Many districts using the Zoom videoconferencing app for lessons have fallen victim to "Zoombombing," in which an unauthorized user gains access via credentials gained elsewhere online, or perhaps even by chance, and bombards other users with disruptions that range from profanity to pornographic images.
A number of districts, including the New York City Department of Education, have banned the use of Zoom as a result, though others have worked around it by adjusting the app's security settings.
Levin suggested that some Zoombombing may also be solicited by bored students acting out. "So, literally, they will go on to social media or Discord or wherever, and they will post the credentials for their course and say, 'This is the biology course. It's this time in this time zone. Here's your meeting ID and the meeting password.' Or even, 'Say your name is X or say your name is Y, or the teacher doesn't know how to kick people off.'"
In Quakertown, Kuzo has only used Zoom for board meetings, and said he "luckily" learned from the mistakes of other districts that used the software before he did, tightening security measures before its use. Students and teachers, meanwhile, are using Google Meet for virtual lessons.
"Those [meetings] are typically not published," Kuzo said. "They’re going to be sent directly to the students through the web portal, whether it’s Seesaw or Canvas."
No matter what platform is used for lessons, however, it remains crucial that educators think before posting photos of their students in online classes and things of a similar nature to social media, as it could constitute a FERPA violation in addition to leading to harassment from online trolls or other malicious actors, Levin said.

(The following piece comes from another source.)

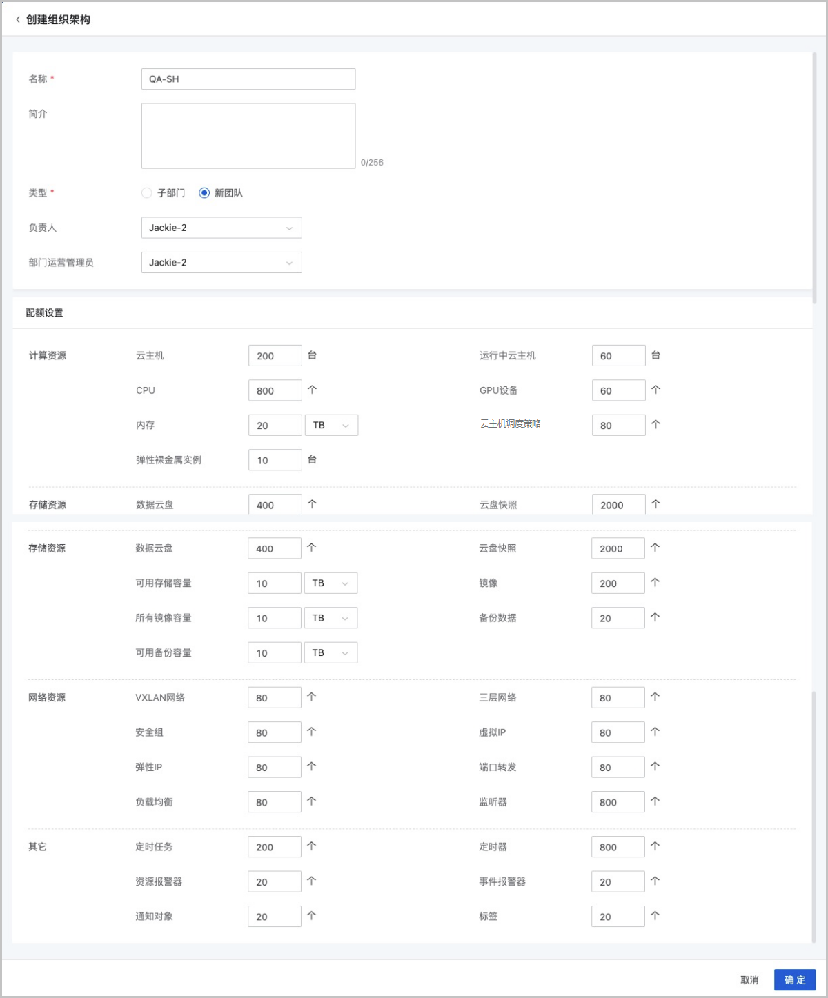 ZStack Cloud组织管理为用户提供组织架构管理,以及基于项目的资源访问控制、工单管理、独立区域管理等功能。通过组织架构的划分,提供和行政部门一样的管理效果,最大程度上减轻管理的成本。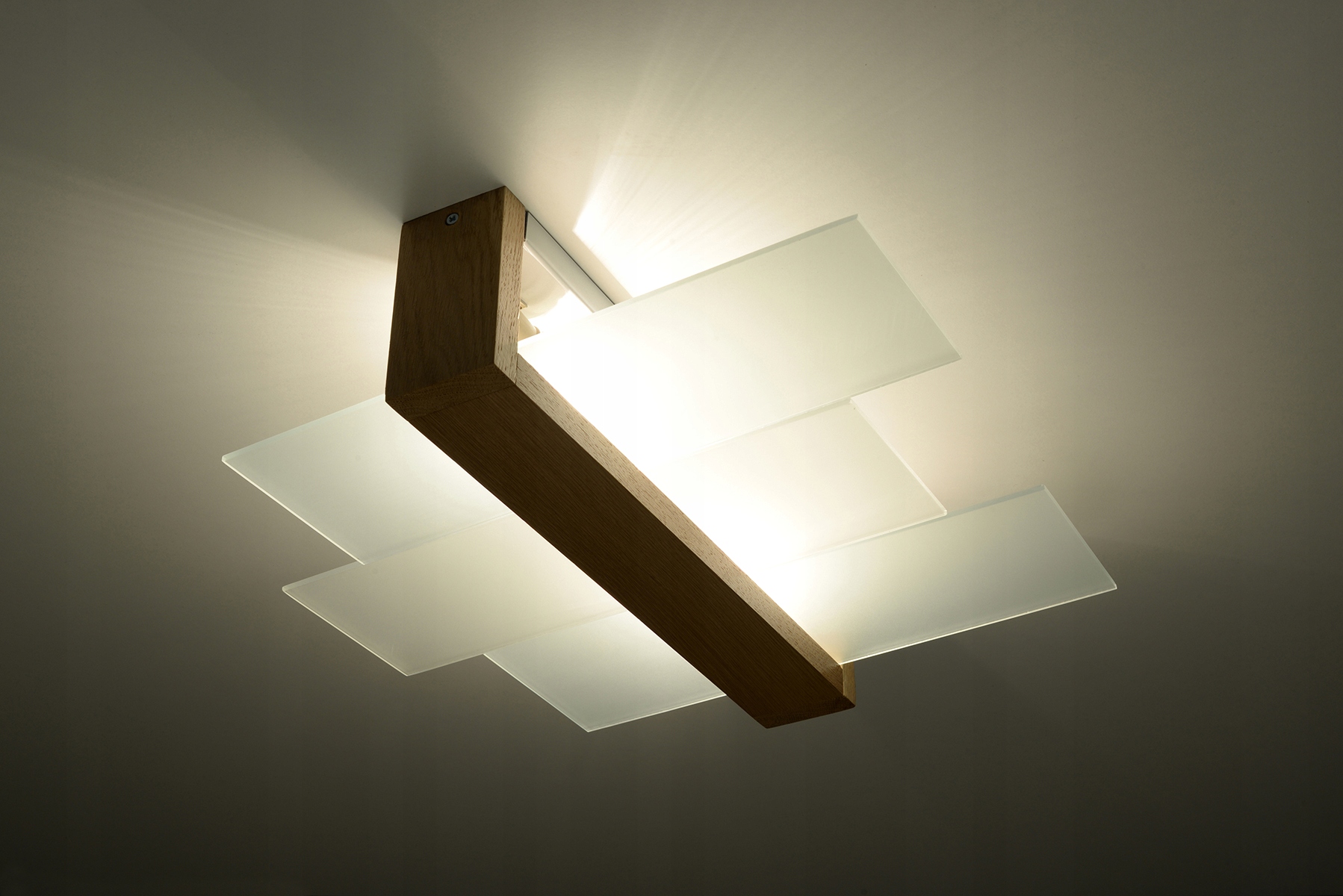 Matowy, szklany klosz drewnianej lampy sufitowej doskonale rozprasza światło, dzięki czemu dociera ono we wszystkie zakątki pomieszczenia, a Ty z łatwością uzyskujesz pożądany efekt wizualny.

End user is greatest potential vulnerability
Ultimately, as in normal circumstances, the end user remains the greatest potential cybersecurity threat. Training students and educators to identify phishing attempts in emails, suspicious websites and other scams is the foundation of any strong cybersecurity plan.
Kuzo said he's been using KnowBe4 in Quakertown for two years to conduct simulated phishing attacks. "I’ve seen a pretty large decline in the number of clicks we get," he said of the security tests, which are designed to try to trick students, teachers and others on school devices and networks to gauge security. He added that every three months, he does a deeper dive to try to get credentials and still sees those numbers declining as well.
Levin noted that it will be crucial to ensure vigilance remains high when educators and students return to buildings, as he tends to see an uptick in incidents at the beginning of the school year when people might not be as careful while trying to clear a backlog of emails.
"I've been kind of waiting for a shoe to drop, and I just haven't really seen it outside of Zoom," he said. "I think it's just a matter of when, and that back-to-school timeframe may be the when."